Make a list of all your student loans and other debts. Then, organize them from the lowest balance to the highest.
You don’t have to worry about the interest rates as we’re simply focusing on the balance owed.
Find out what the minimum payment amount is for each debt. Then, put this on the list as well. Make sure you pay at least that amount.
You’ll likely split this payment up throughout the month. You can make either bimonthly or weekly payments.
But for now, just record what the minimum payments are so you don’t incur fees for not paying the correct amount.
Use specific income streams, or saving strategies, to pay down a specific student loan or credit card debt.
For example, every time you go to the grocery store and use a coupon, or make a purchase online and use a discount code, immediately set aside those savings to be allocated towards Loan #1’s debt balance.
Then, dedicate a weekend job to pay for Loan #2. Afterward, put all your birthday money and other “found money” throughout the year to pay for Loan #3. And so on.
Continue snowflaking small payments onto your debts whenever you save money on a purchase or receive income from freelance work.
In addition, dedicate any extra money at the end of every week to a specific debt. Even if it’s just an extra $10 or $20.
Just make sure all of these amounts add up to at least your minimum payment due on that account every month.
Advantages of Debt Snowflaking
More budget-friendly debt payments
Since debt snowflaking is all about micro-sized debt payments, it’s a bit easier on your monthly budget.
You don’t have to worry about coming up with hundreds of dollars to go towards debt. But instead, can focus on small amounts every week or every two weeks.
This is one of the best student loan repayment options for freelancers or anyone with an irregular income.
Avoid debt payoff fatigue
One of the great things about this method is that you’re less likely to experience debt fatigue.

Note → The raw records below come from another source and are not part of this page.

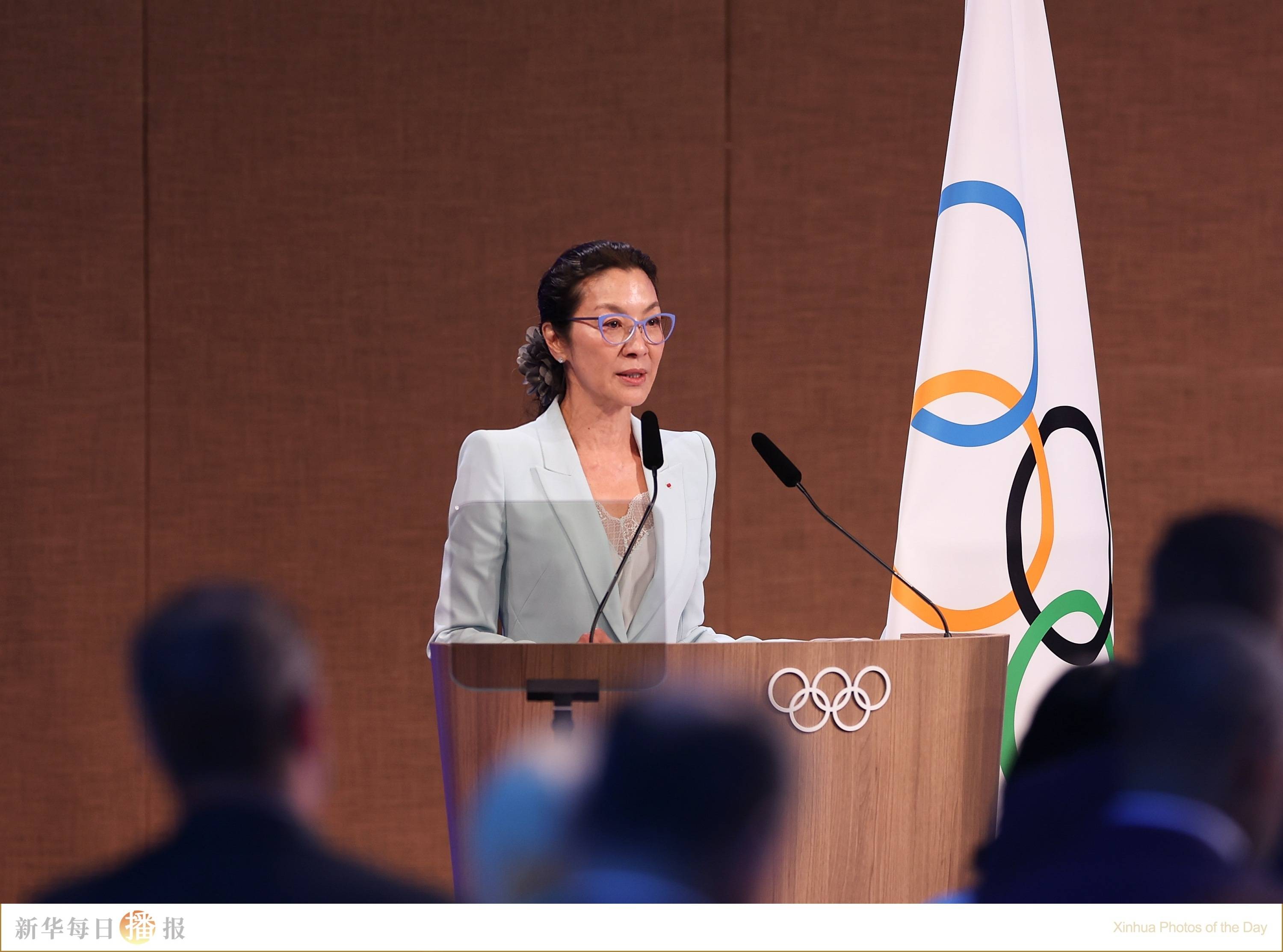 10月17日,新任国际奥委会委员杨紫琼宣誓。当日,在印度孟买举行的国际奥委会第141次全会在完成全部议程后闭幕,会上投票选举产生八名新委员。国际乒联主席佩特拉·索林、华裔演员杨紫琼等此前获得提名的八位候选人悉数顺利当选。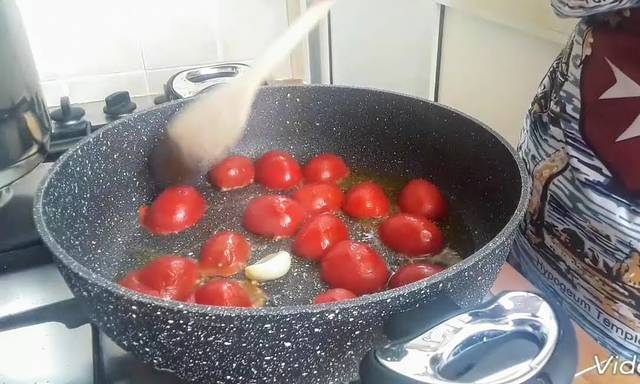 Ajoutez-les à la poêle avec les tomates cerises, mettez une louche d’eau, et couvrez jusqu’à la fin de la cuisson.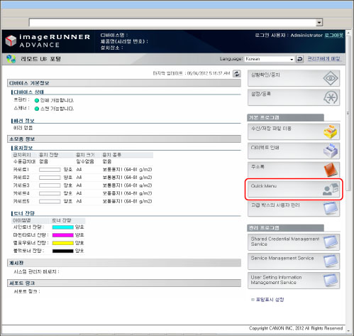 시스템 관리자 또는 SSO-H 시스템 관리자(Administrator)/네트워크 관리자(NetworkAdmin)/기기 관리자(DeviceAdmin)만 퀵 메뉴 페이지를 조작할 수 있습니다. 관리자 종류에 대한 자세한 내용은 "관리자 설정"을 참고하십시오.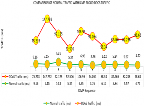 Figure 10 describes the comparison of regular traffic with the occurrence of ICMP-Flood DDoS. The figure shows the time required (ms) for each ICMP sequence when regular traffic is 3.76 ms, and the highest is 14.3 ms, while the lowest ICMP-Flood DDoS is 52.506 ms and the highest is 147, 792 ms. This shows an increase in traffic at the lowest point of 73% while at the highest end of 64%, which causes the server to experience down so that it cannot serve clients.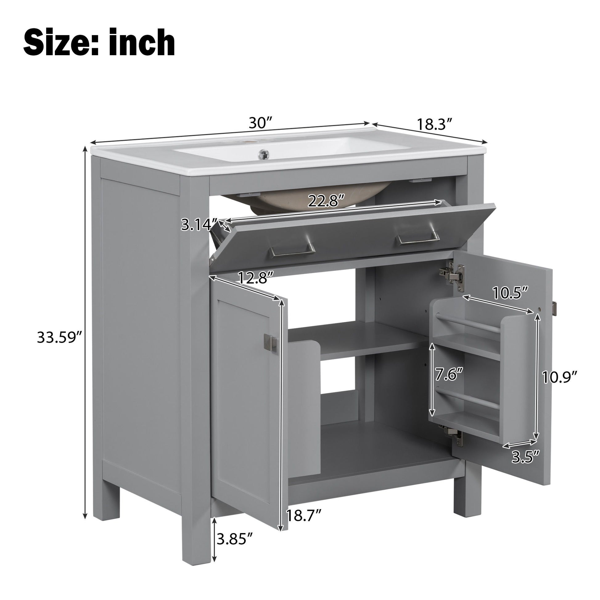 30" Bathroom Vanity With Sink And Soft Close Doors - Gray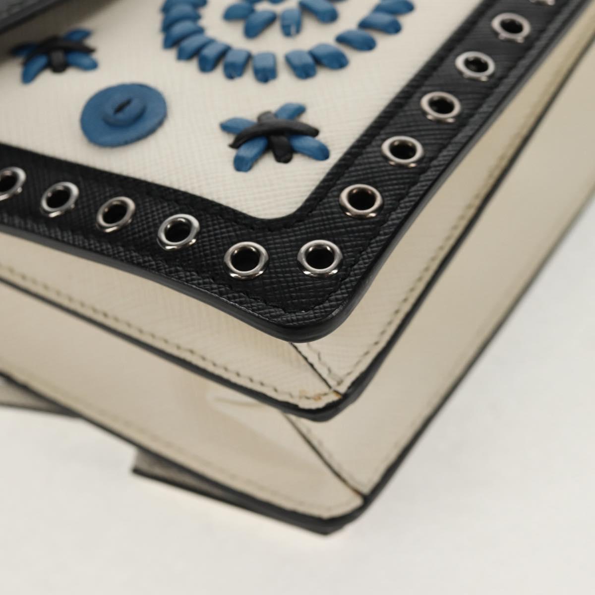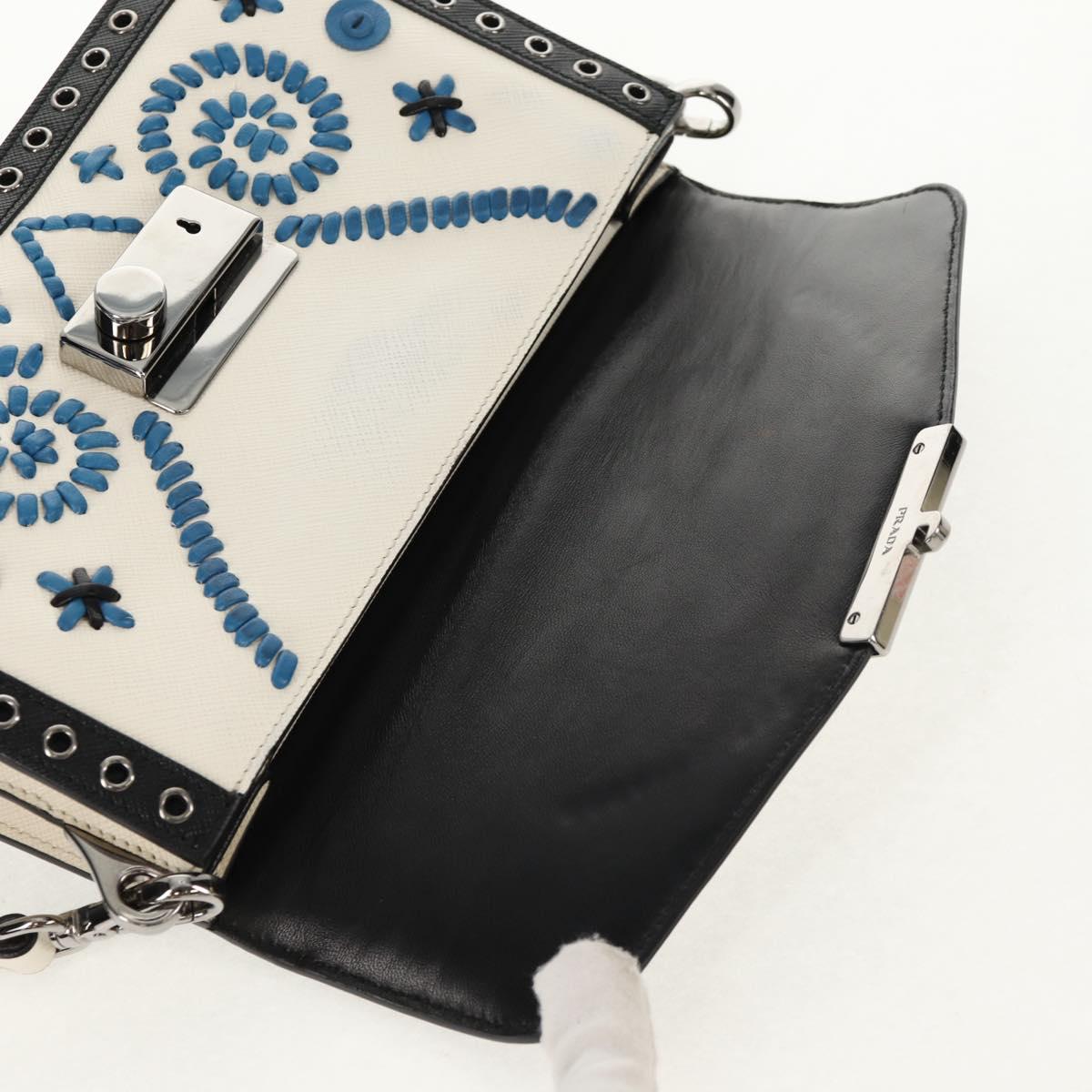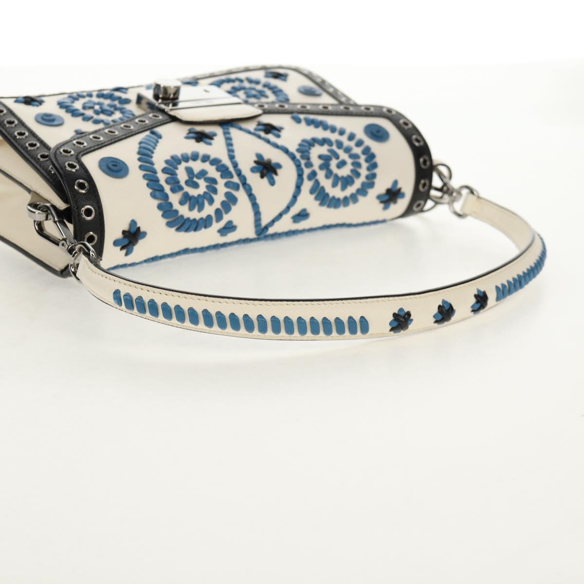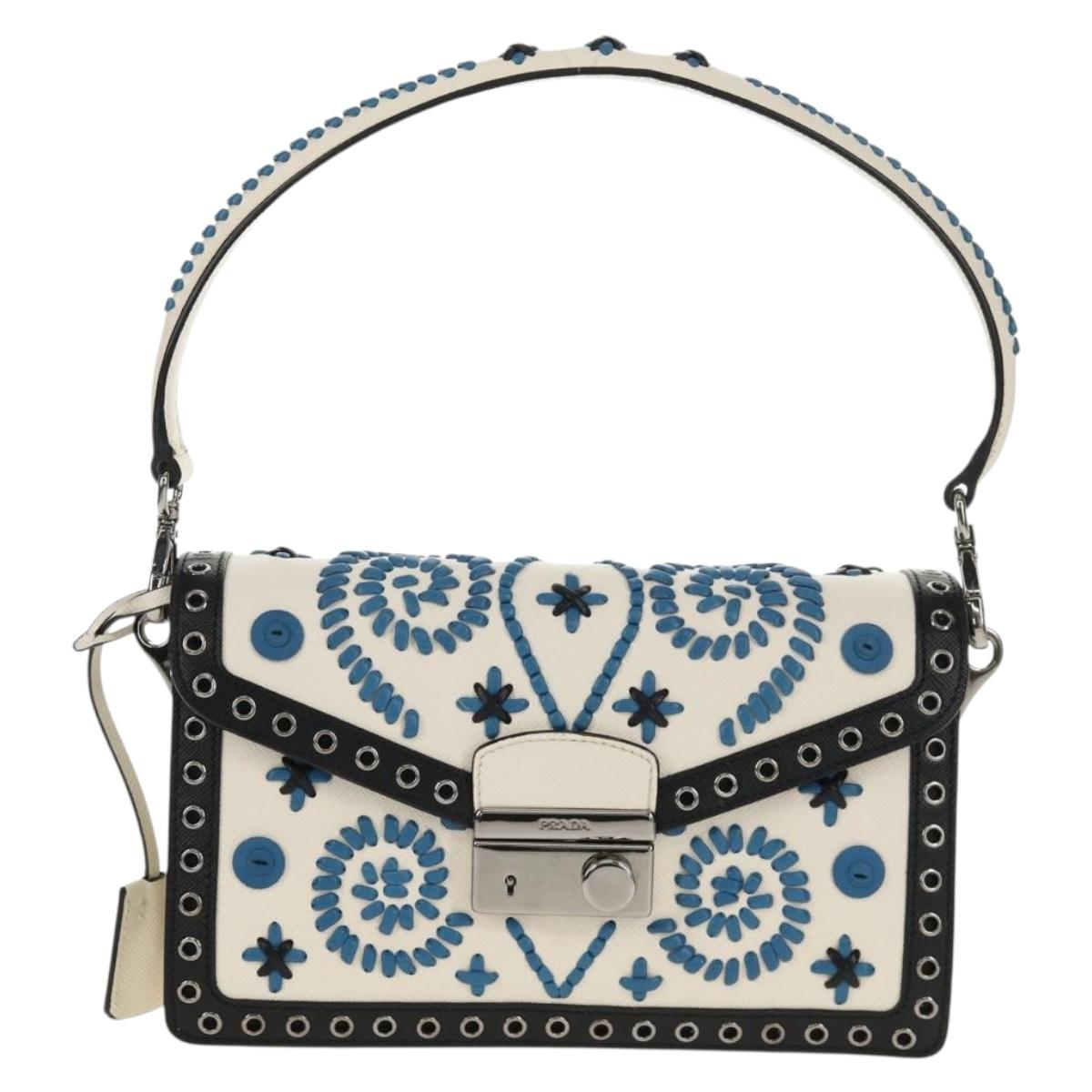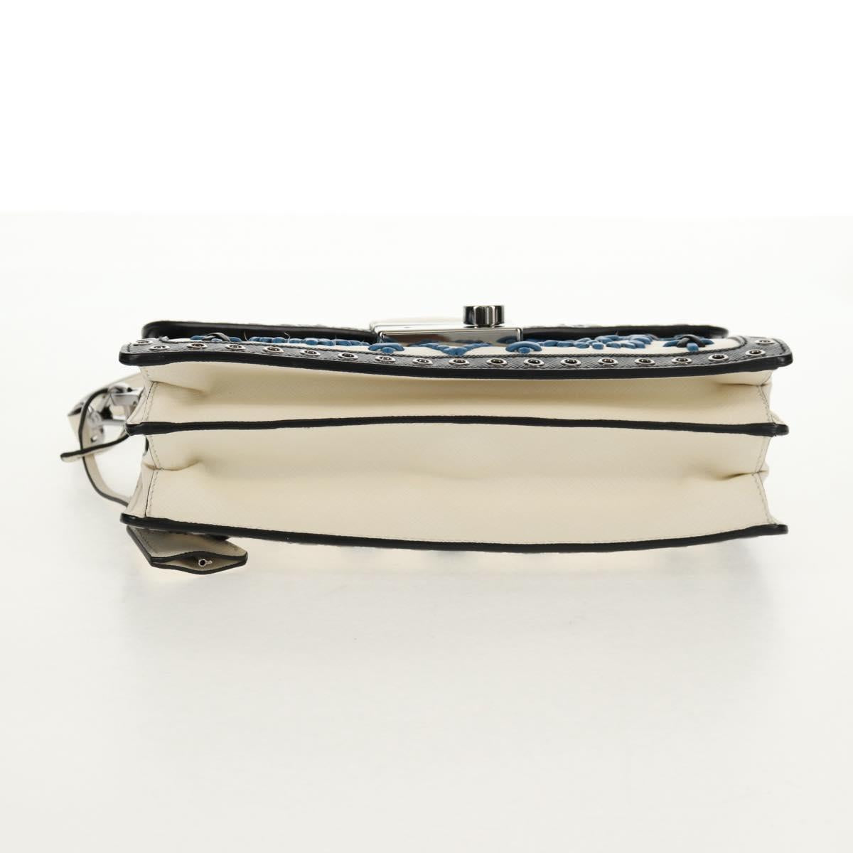 PRADA Shoulder Bag Safiano leather White Silver Auth 147525V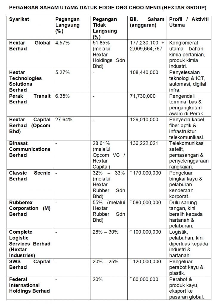 Hextar Capital Berhad dikuasai oleh Datuk Eddie Ong Choo Meng satu dari rangkaian Hextar Group. Selain Binasat Communications Bhd Datuk Eddie Ong Choo Meng juga menguasai syarikat lain seperti berikut;

You’ll be making small but consistent positive changes throughout the course of paying off your debt. This makes the process seem a bit easier and doable.
When looking at a large amount of debt, you need a strategy that will feel easily obtainable. Not another plan that’s bound to fail.
Financial and psychological benefits
You’ll encounter both financial and psychological benefits early on in your debt payoff plan.
Why? Because it speeds up your debt payment momentum while boosting your confidence with small but consistent wins.
You’re also taking more frequent action towards your debt, thus creating more conscious money and spending habits.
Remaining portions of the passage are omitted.